Seconda parte – Scienza e coscienza
Basilio, toccando un disegno contenuto all’interno di una cornice antica, viene scosso da una luccicanza: un medico sta per essere accoltellato. L’autore dei disegni è Riccardo (Lorenzo De Angelis), un ragazzo affetto da una grave disfunzione psico-motoria che lo ha colpito da bambino. L’incontro con Basilio risveglia le facoltà del ragazzo che ricomincia a interagire e a parlare, ma anche a ricordare la causa del suo disagio.

PUNTATA 5
Prima parte – Il bivio
Basilio ha ormai accettato la facoltà di prevedere gli eventi come parte di sé, consapevole dei rischi e delle responsabilità che il dono comporta. Stavolta, però, il suo coinvolgimento personale nella luccicanza subisce un drammatico rilancio: toccando un portapillole che gli ha regalato Maddalena, “vede” un rapinatore che irrompe nella farmacia della piazzetta, fa fuoco e, nella colluttazione che segue, lui stesso verrà colpito mortalmente…

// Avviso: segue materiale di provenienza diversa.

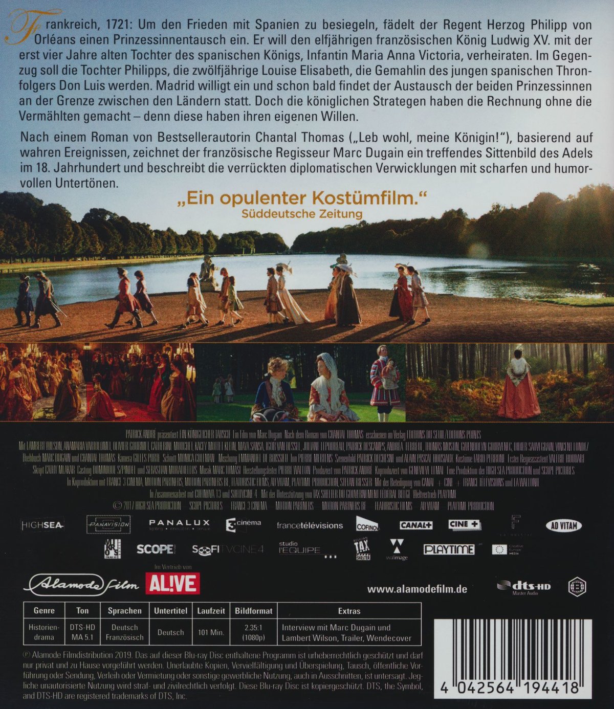 Frankreich 1721: Um den Frieden mit Spanien zu besiegeln, fädelt der Regent Herzog Philipp von Orléans einen Prinzessinnentausch ein. Er will den elfjährigen französischen König Ludwig XV. mit der erst vier Jahre alten Tochter des spanischen Königs, Infantin Maria Anna Victoria, verheiraten. Im Gegenzug soll die Tochter Philipps, die zwölfjährige Louise Elisabeth, die Gemahlin des jungen spanischen Thronfolgers Don Luis werden. Madrid willigt ein und schon bald findet der Austausch der beiden Prinzessinnen an der Grenze zwischen den Ländern statt. Doch die königlichen Strategen haben die Rechnung ohne die Vermählten gemacht - denn diese haben ihren eigenen Willen. Nach einem Roman von Bestsellerautorin Chantal Thomas ("Leb wohl, meine Königin!") basierend auf wahren Ereignissen, zeichnet der französische Regisseur Marc Dugain ein treffendes Sittenbild des Adels im 18. Jahrhundert und beschreibt die verrückten diplomatischen Verwicklungen mit scharfen und humorvollen Untertönen. "Ein königlicher Tausch" ist ein mitreißendes und emotionales Historiendrama, das durch eine aufwändige Ausstattung und prachtvolle Kostüme beeindruckt.

Seconda parte – Corsa contro il tempo
Basilio ha perso il suo dono: proprio ora che il restauratore ne avrebbe più bisogno, la sua facoltà lo ha abbandonato. Un quadro di grande valore viene infatti rubato dalla bottega e, mentre gli inquirenti brancolano nel buio, Basilio sfrutta le sue vecchie conoscenze nel mondo dei falsari e dei ricettatori. Ma proprio quando crede di aver chiuso i conti con il quadro e i suoi proprietari, Basilio riacquista il dono e il caso subisce un inaspettato rilancio.

PUNTATA 6
Prima parte – Le corde dell’anima
La figlia di Sylvie Chauvet (Carolina Di Domenico), violinista francese di fama mondiale, è vittima di un sequestro. Basilio toccando l’archetto della musicista, “vede” la bimba mentre annega in una piscina. I sospetti si concentrano sulla babysitter e sul suo amante segreto. La babysitter sta nascondendo la verità o dietro al sequestro di Michelle si nasconde un altro, agghiacciante retroscena?
Seconda parte – Un eroe in famiglia
Toccando una vetrinetta da restaurare, Basilio “vede” una donna assassinata con un colpo di pistola… La potenziale vittima è Daniela (Morena Savino), la moglie dell’ispettore Mangano (Claudio Castrogiovanni). La donna ha appena scoperto un illecito all’interno della Onlus per cui lavora e ne mette a parte un collega, firmando la sua condanna a morte.